When is the next Bank of Canada rate announcement? +
The next scheduled fixed announcement date is April 29, 2026, at 9:45 AM ET. This meeting will be accompanied by the quarterly Monetary Policy Report (MPR). There are eight fixed announcement dates per year; the remaining 2026 dates are June 10, July 15 (MPR), September 2, October 28 (MPR), and December 9.
How do Bank of Canada rate decisions affect my variable-rate mortgage? +
Each decision directly moves the prime rate at Canadian lenders. A 25 basis point cut (0.25%) lowers prime by the same amount, which flows into variable-rate mortgages. For adjustable-rate mortgages (ARMs, like Scotiabank's standard variable), your payment changes with every move. For fixed-payment VRMs, your payment stays constant but more (on a cut) or less (on a hike) of it goes to principal.
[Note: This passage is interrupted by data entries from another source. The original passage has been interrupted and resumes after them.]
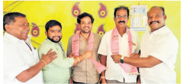
ఘట్టేసర్ రూరల్ : ఎదులాబాద్ లో చందువల్లి ధర్మారెడ్డి అధ్యక్షులలో బీఆర్ఎస్ లో చేరుతున్న కాంగ్రెస్ నాయకులు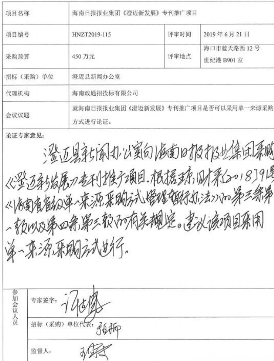
采购方式论证结果记录表 3-3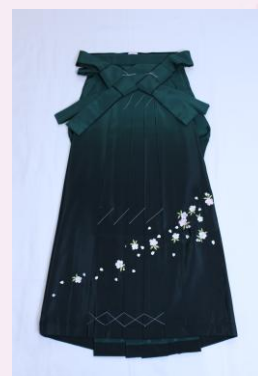
緑 ｶ B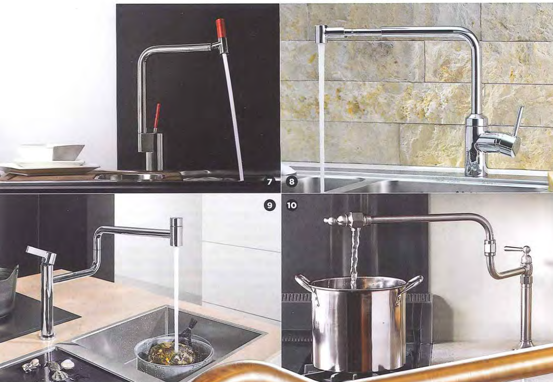
7. 360° Evolution, Weber . Излив смесителя вращается на 360°. 8. L-line, Kludi . Однорычажный смеситель с выдвижным и поворотным изливом. 9. Pivot, диз. Sieger Design, Dornbracht . Вращается на 360°. 10. HiRise, Kohler . Шарнирно-поворотный излив. 11. RBRO02, Restart . Поворотный излив. 12. Como, Villeroy & Boch . Съемный смеситель.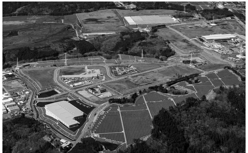
湯船原にある「DREAM Solar ふじおやま」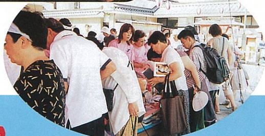
8/7 水郷祭 例年通り賑わいました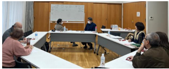
▲後半の様子(車座形式)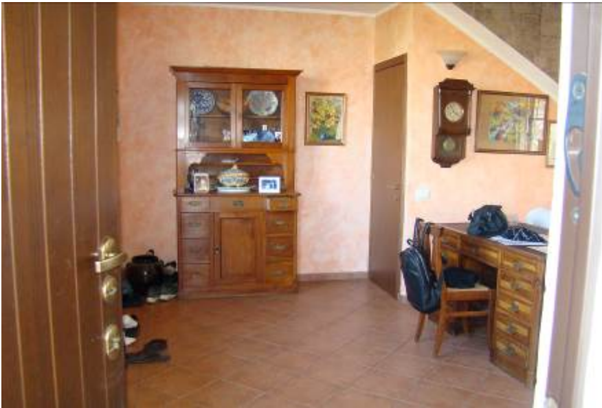
19. Vista dell'ingresso.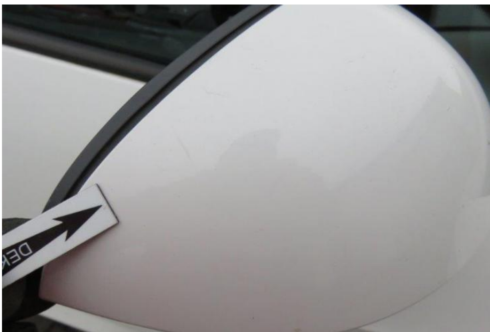
Fot. 57. lusterko zew. prawe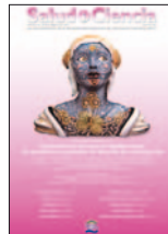
Salud i Ciencia 22(5):430-436, May-Jun 2017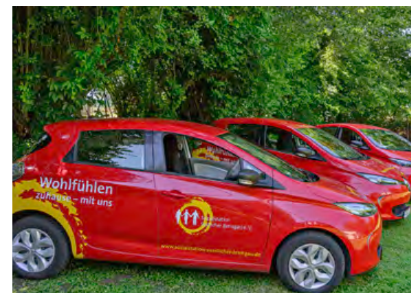
Wir kommen zu Ihnen – auch in Zeiten von Corona.

An unser Gebäude angeschlossen ist ein echter Hingucker: ein als Ring gestalteter Hochgarten (im Modell mittig). Er erlaubt auch dann Kontakt und Teilhabe, wenn wie jetzt Abstand und soziale Isolation nötig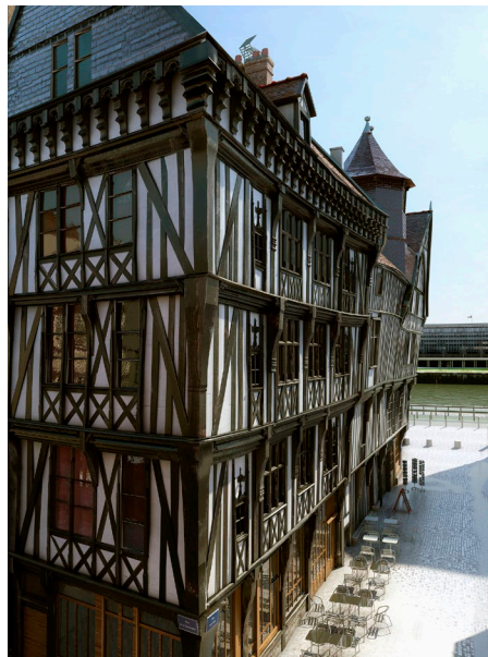
Le logis des Caradas, depuis la rue de la Savonnerie

aidé de Benjamin Girard et Balthazar Auxietre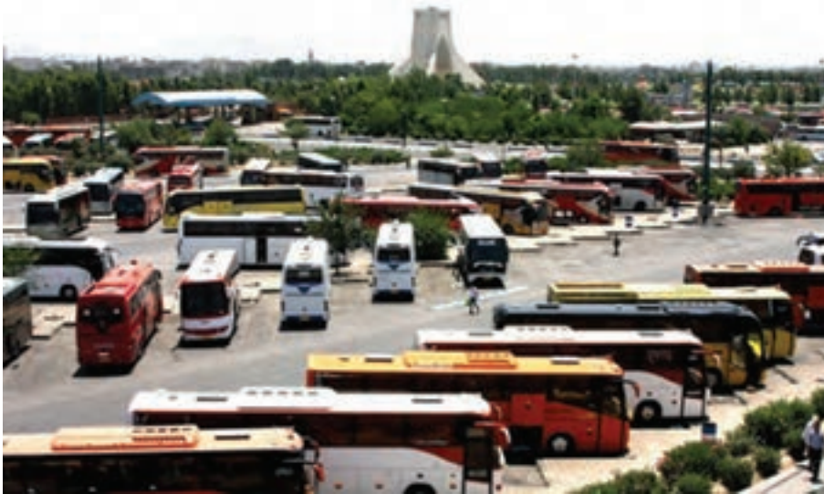
شکل ۱۳-۱-ب - نمایی از پایانه مسافری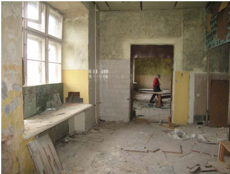
Vaizdas patalpoje 3-4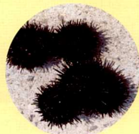
とれたばかりのうに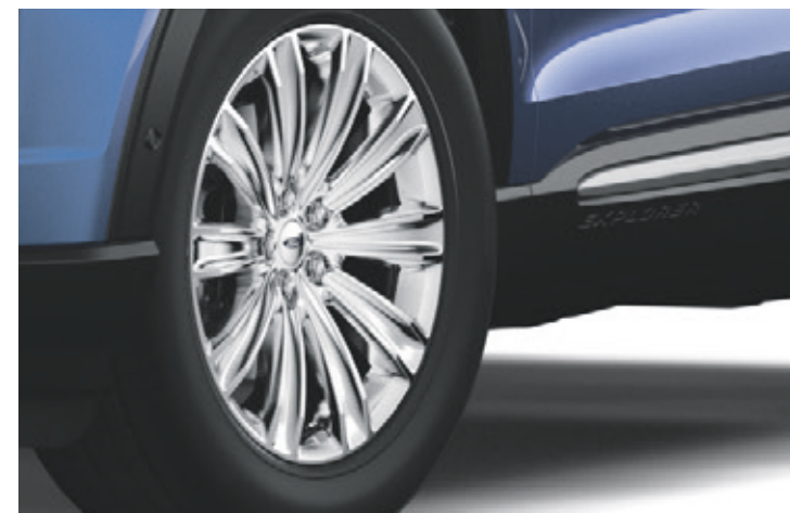
20" OBRĘCZE KÓŁ ZE STOPÓW LEKKICH W KOLORZE CHROMU Standard dla wersji PLATINUM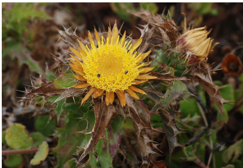
Slika 10. Carlina corymbosa L.

Gornjasti kravljak (slika 10.) je trajna zeljasta biljka, a pripada porodici glavočika (Compositae). Zrakasti ovojni listovi odozgo su žuti, široko su lancetasti, uglavnom goli. Glavice su skupljene u gornji. Samo su u vanjskim cvjetovima dlačice papusa rasperane. Unutarnji ovojni listovi cvjetnih glavica su produljeni, zrakasto su rašireni pa su slični jezičastim obodnim cvjetovima, uglavnom su bijeli. Stabljika većinom visoka, s nekoliko glavica, koje su do 3,5cm u promjeru. Papsus se sastoji od jednog reda perastih dlaka. Listovi su lancetasti, nazubljeni ili rasperani. Listovi su trnovito nazubljeni. (Rogošić,2011.)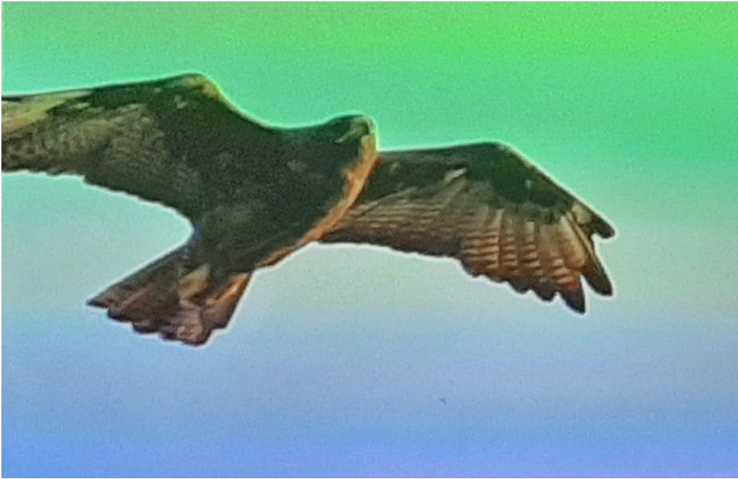
Galapagosvråken är en av få rovfåglar på öarna.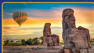
GLOBO AEROSTÁTICO EN LUXOR (CRUCERO NILO)

Why has the Bank of Canada been holding at 2.25%? +
After cutting 9 times between June 2024 and October 2025 to bring rates down from a 5.00% peak, the Bank reached what it considers the neutral range — a rate that neither stimulates nor restrains the economy. With inflation near the 2% target and economic growth stable, the Bank has held at 2.25% for three consecutive meetings (January 28, 2026, and March 18, 2026 at the same level after a January move) while it evaluates the cumulative impact of prior easing.
Do Bank of Canada rate decisions affect fixed mortgage rates? +
Indirectly. Fixed mortgage rates track Government of Canada bond yields, which respond to expectations about the future path of Bank of Canada policy. A rate cut that was anticipated by markets may have little effect on bond yields (and therefore fixed mortgage rates), while a surprise move can shift the whole yield curve. Current 5-year fixed rates sit around 3.94–4.29% at the broker channel.
What was the peak Bank of Canada rate in the recent cycle? +
The overnight target peaked at 5.00% in July 2023, where it was held until June 2024. This was the highest rate in over 20 years and followed the fastest tightening cycle in a generation — rates rose from 0.25% in March 2022 to 5.00% in just 16 months. The Bank has since cut nine times to today's 2.25%.